Palo Alto Research Center (PARC) — Palo Alto, CA 94304
University of California, Riverside — Riverside, CA 92521
Susteon, Inc. — Durham, NC 99502
Modular Chemical, Inc. — Anchorage, AK 99502
Etch, Inc. — Chevy Chase, MD 20815
The inherent compositional variability, intermittency, and distributed nature of flared natural gas poses a significant challenge to bringing it to market. Consequently, approximately 1% of annual gas production is flared or vented (an average of 645,000 cubic feet per day (Mcfd) in 2017), corresponding to a loss of nearly $1B in potential annual revenue.
Growing concerns over the environmental impact of natural gas flaring and venting has motivated efforts to utilize this gas for onsite electricity generation, modular natural gas liquids recovery, and small modular natural gas liquefaction. However, these approaches have struggled to be cost-effective at a size sufficiently small to address natural gas flares. A typical oil and gas site flaring rate is on the order of 10–1000 Mcfd and has a corresponding annual value of $10k–$1M, making economical solutions a significant challenge.

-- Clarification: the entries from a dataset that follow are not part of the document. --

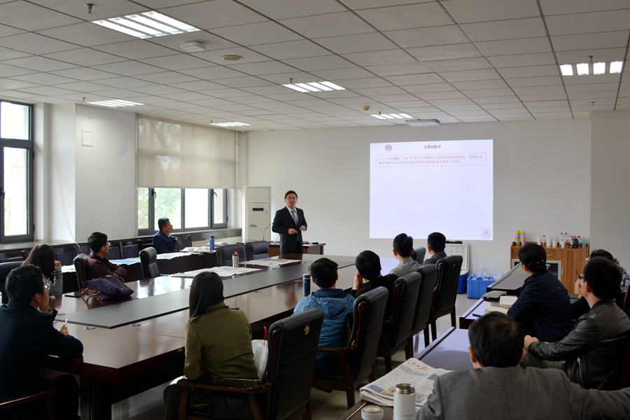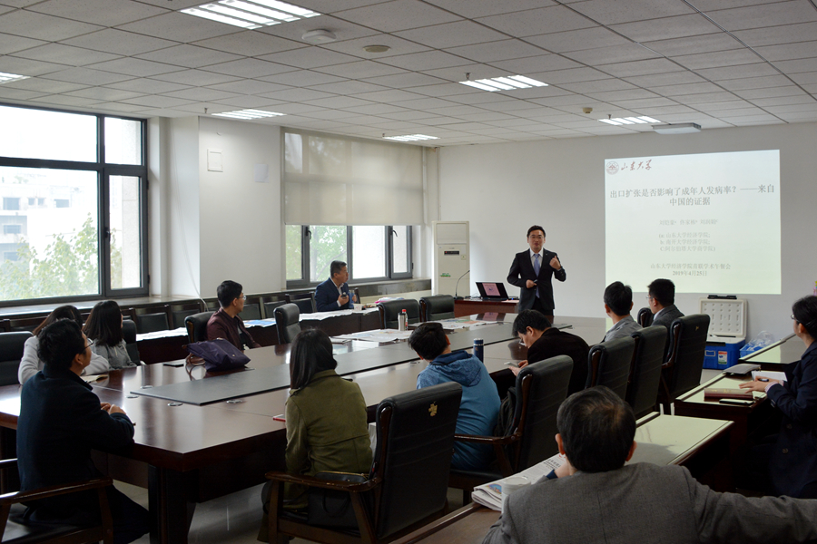 4月25日,yl7703永利官网2019年春季学期第七期(总第28期)青联学术午餐会在中心校区举行。yl7703永利官网助理研究员刘铠豪作了题为“出口扩张是否影响了成年人发病率?——来自中国的证据”的学术报告。yl7703永利官网党委副书记林竹、副院长王哲伟及30余名青年教师参加午餐会。
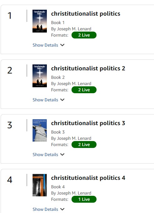 [Before I get into the series descriptions, let me first apologize for things OUT OF MY HANDS/CONTROL. Things are NOT ALL FULLY FUNCTIONING properly on the Amazon system (as of now (Fri. Oct. 24 11:26ET)) and get the usual "can take up to 3 days for changes to take effect" excuse. So everything is SUPPOSED to all be fully functioning by Sun. Oct. 26th evening. In meantime, the individual books spoken about here-in (10 total) are all up/online and available for purchase https://tinyurl.com/JLDonAMAZON or most (softcopy versions) available direct from me (Autographed, free shipping, to/for those in USA) via: https://JosephMLenard.us/shop. The main there here in this B4IN piece is about the "inter-connectivity" (note: each designed to be able to be read as stand-alone, or part of the extended collection to which tied (in some cases (like Life and Living series, "loosely" connected vs ChristiTutionalist set more directly inter-relate))) of the books within the defined series.]
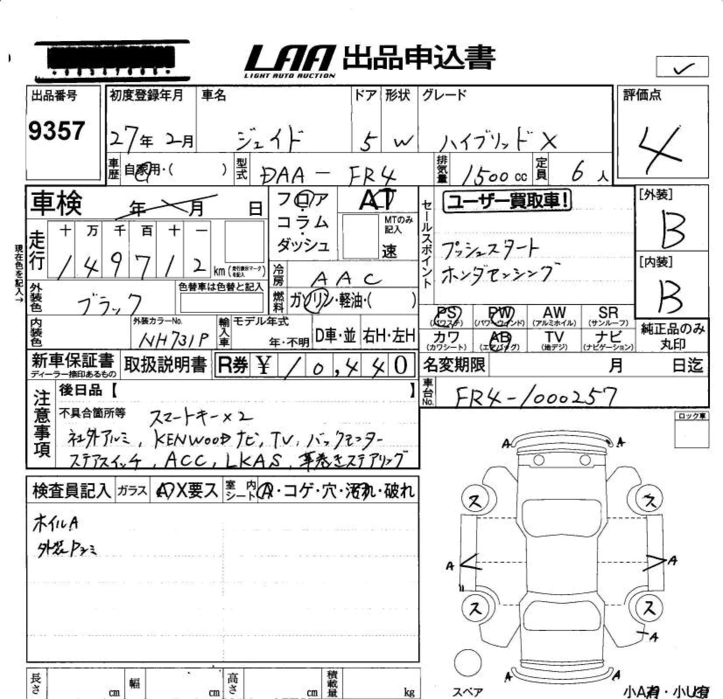 Honda JADE с аукциона Японии LAA Okayama лот № 9357
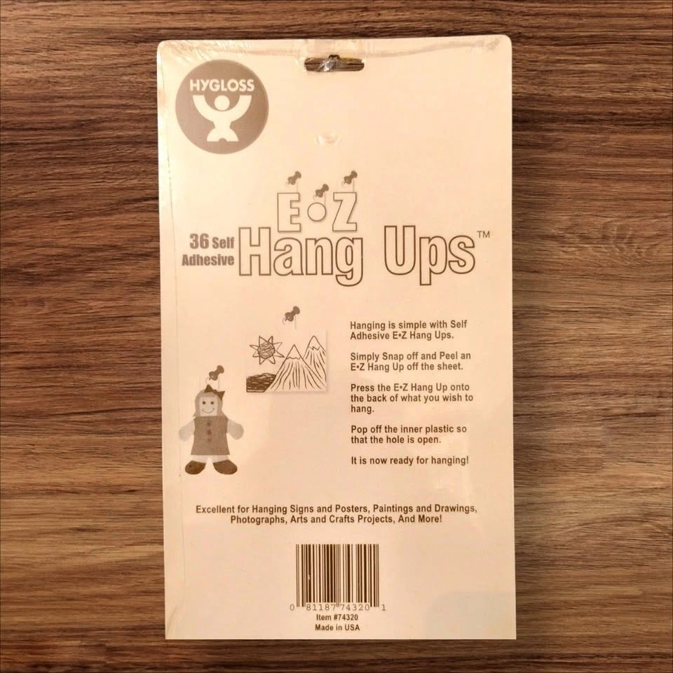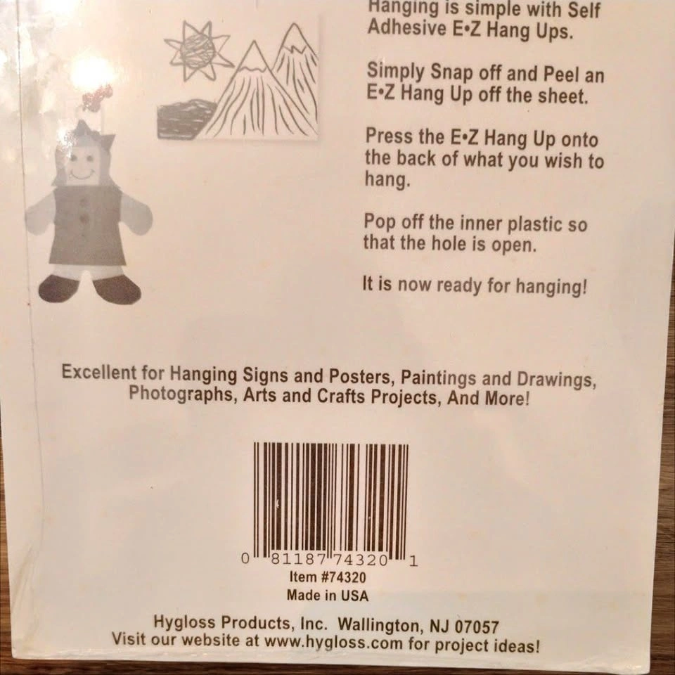 Hanging art projects and crafts is simple and easy with these Adhesive E-Z Hang Ups. Simply snap off and peel a self-adhesive hanger from its paper backing and press it on to the back of a paper or lightweight craft you'd like to hang. They are perfect for hanging signs, posters, paintings, drawings, photos, art and craft projects, and more. Vintage new old stock in shrink wrap. Pack of 36. Measure approx 7/8 in by 1 1/4 in.
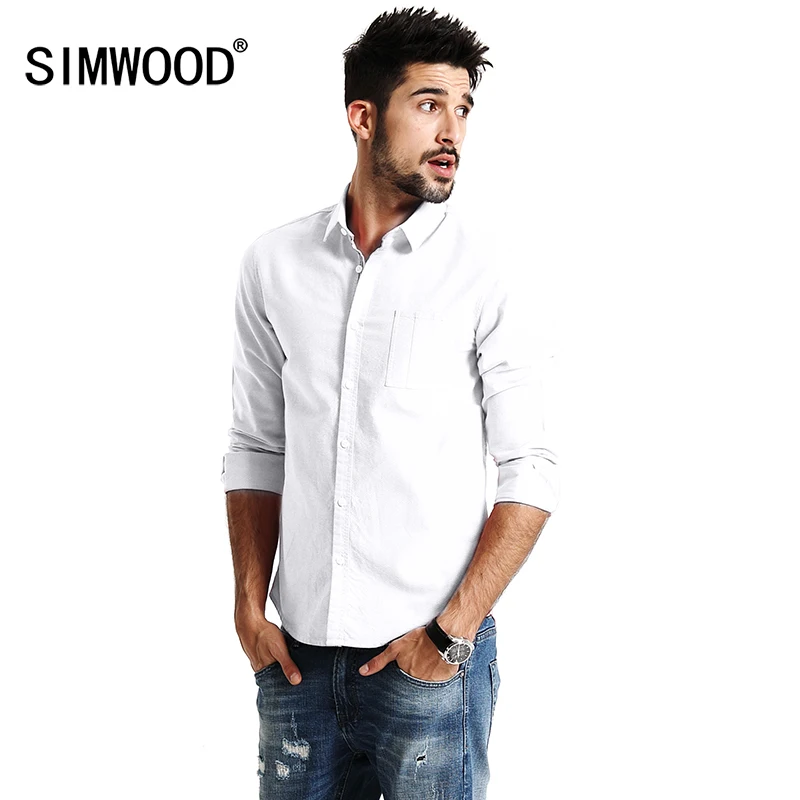 Kopen Goedkoop SIMWOOD 2018 Nieuwe Herfst Casual Shirts Mannen Lange Mouwen 100% Pure Katoen Slim Fit Plus Size Hoge Kwaliteit Oxford Twill shirt CS1597 Prijs
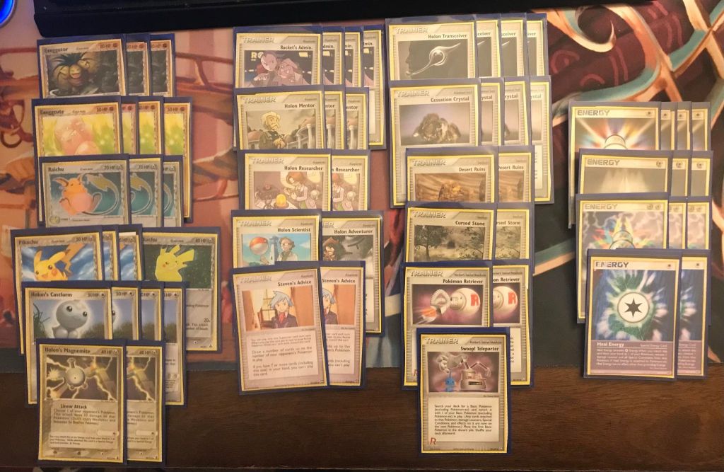 | 3 Exeggutor 4 Exeggcute 3 Raichu 3 Pikachu (HP 79) 1 Pikachu (LM 93) 4 Holon’s Castform 2 Holon’s Magnemite | 4 Rocket’s Admin. 3 Holon Mentor 2 Holon Researcher 1 Holon Scientist 1 Holon Adventurer 2 Steven’s Advice 4 Holon Transceiver 4 Cessation Crystal 2 Desert Ruins 2 Cursed Stone 2 Pokemon Retriever 1 Swoop! Teleporter | 4 Scramble Energy 3 Metal Energy 3 Double Rainbow Energy 2 Heal Energy |
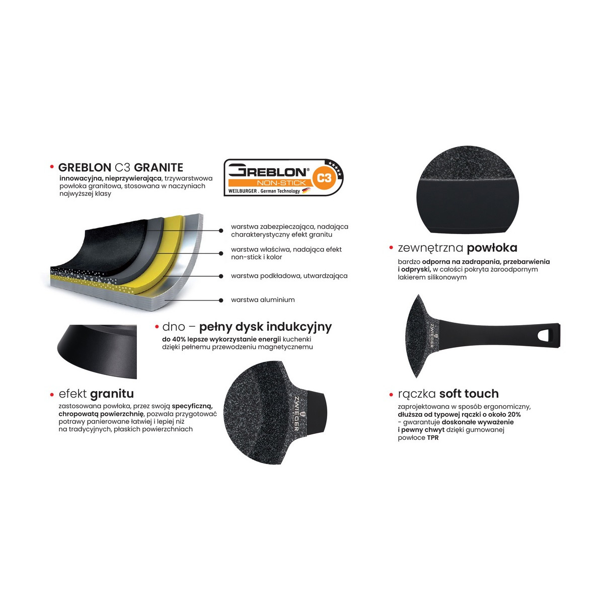 Wok Zwieger z odlewanego aluminium. Nowoczesna, trzywarstwowa powłoka granitowa GREBLON C3 GRANITE pokrywa wewnętrzną część naczynia. Dzięki nowatorskiej technologii, pozwalającej zredukować ilość powłok do trzech warstw, wok doskonale przewodzi i akumuluje ciepło. Ze względu na swoje wyjątkowe właściwości, zwiększające odporność na zarysowania, powłoka GERBLON C3 GRANITE stosowana jest w naczyniach najwyższej klasy. Dodatkowo, żaroodporny lakier silikonowy, który pokrywa wok na zewnątrz, sprawia, że zachowuje on swój estetyczny wygląd na długie lata. Naszych naczyń można używać na wszystkich rodzajach kuchenek, w tym na płytach indukcyjnych. Co więcej, użyty pełny dysk indukcyjny, dzięki pełnemu przewodzeniu magnetycznemu, zapewnia lepsze wykorzystanie energii (30 – 50 %). Zastosowana nieprzywierająca powłoka pozwala smażyć przy minimalnym lub całkowitym braku użycia tłuszczu, co niewątpliwie przekłada się na zdrowy tryb życia. Maksymalna temperatura pracy wynosi 240 st.C. Ponadto, rączka została wykonana z materiału PP, który nie przewodzi ciepła, a dodatkowo posiada specjalną powłokę soft touch, zapewniającą wygodny i pewny chwyt.
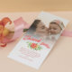 Cartão com fotos batismo personalizado com uma foto sua linda bebê. Obrigado escrito em um belo roteiro de pincel de coral acima de um buquê de rosa em cores quentes e uma mensagem pessoal para seus hóspedes de batismo. A borda entre a foto do casamento e o texto é amolecida com um gradiente branco. Adicione seus nomes também!
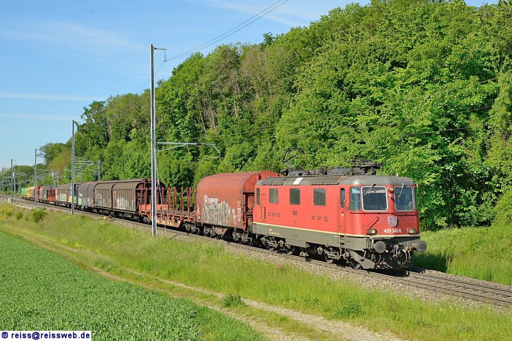SBB Cargo 420 342 bringt den Güterzug 44612 vom Rangierbahnhof Limmattal nach Singen (Neuhausen, 28.05.2021).
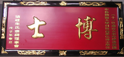 今天,琅岐下岐朱氏宗祠为荣获博士学位的朱泳、朱磊俩兄弟和朱玲(女)授匾,表彰他们学业有成,激励年轻一代奋发向上,积极进取。
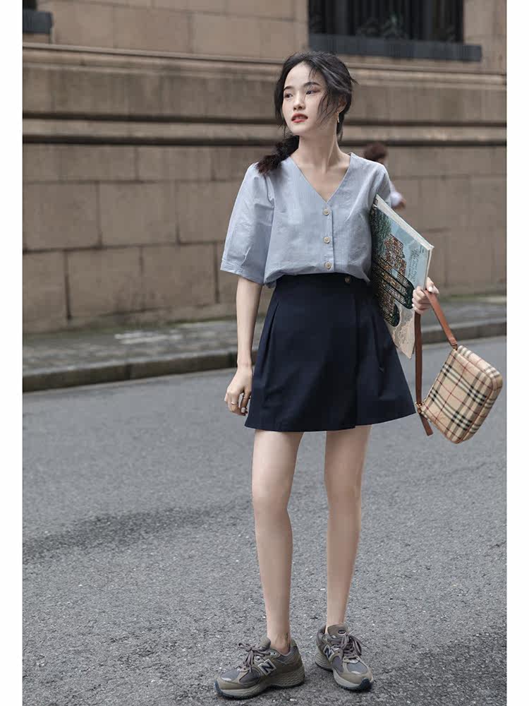 Приталенная тонкая осенняя хаки юбка, высокая талия, А-силуэт, подходит для подростков

The fundamental problem with transporting natural gas to market is its low density — or more specifically its low value density ($/m3). The transportability of any product to market is determined by its value per unit volume. In order to monetize flared natural gas, it needs to be converted into a much higher value density product.
The proposed research represents a potential high-risk, high-reward solution to issues related to the production of high-performance carbon fibers, with possible direct impacts on energy, the environment, and markets both upstream and downstream. Upstream, the proposed technology offers the potential to provide an economically attractive alternative to natural gas flaring, helping to mitigate substantial quantities of CO2 emissions. Downstream, the proposed solution could enable disruption of carbon fiber markets through the production of an ultra-low-cost carbon fiber that enables deeper penetration into large markets (such as the automotive sector). That type of carbon-fiber market penetration could, in turn, lead to a variety of other beneficial impacts such as increased vehicle fuel economy (due to reduced vehicular weight through use of carbon fiber) and thus reduced emissions.
The project team has determined that the low TRL level of the originally proposed carbon fiber growth process (micro-pulldown) is such that it represents too much risk to be effectively achieved within the project’s current budget and schedule. As such the project is currently evaluating the process by which wellhead natural gas can be monetized via solid carbon production. Carbon powder being produced by PARC’s lab-scale experimental pyrolysis reactor has been characterized for key characteristics. With this initial data, they have reached out to industrial carbon experts to evaluate the industry and market value of the carbon being produced currently from the PARC reactor.
The team believes that the goal of monetizing flared natural gas using a different approach/process compared to the original has a greater potential for success. Upon finalizing evaluation of potential path’s forward PARC and DOE will meet and assess the continued viability of the project.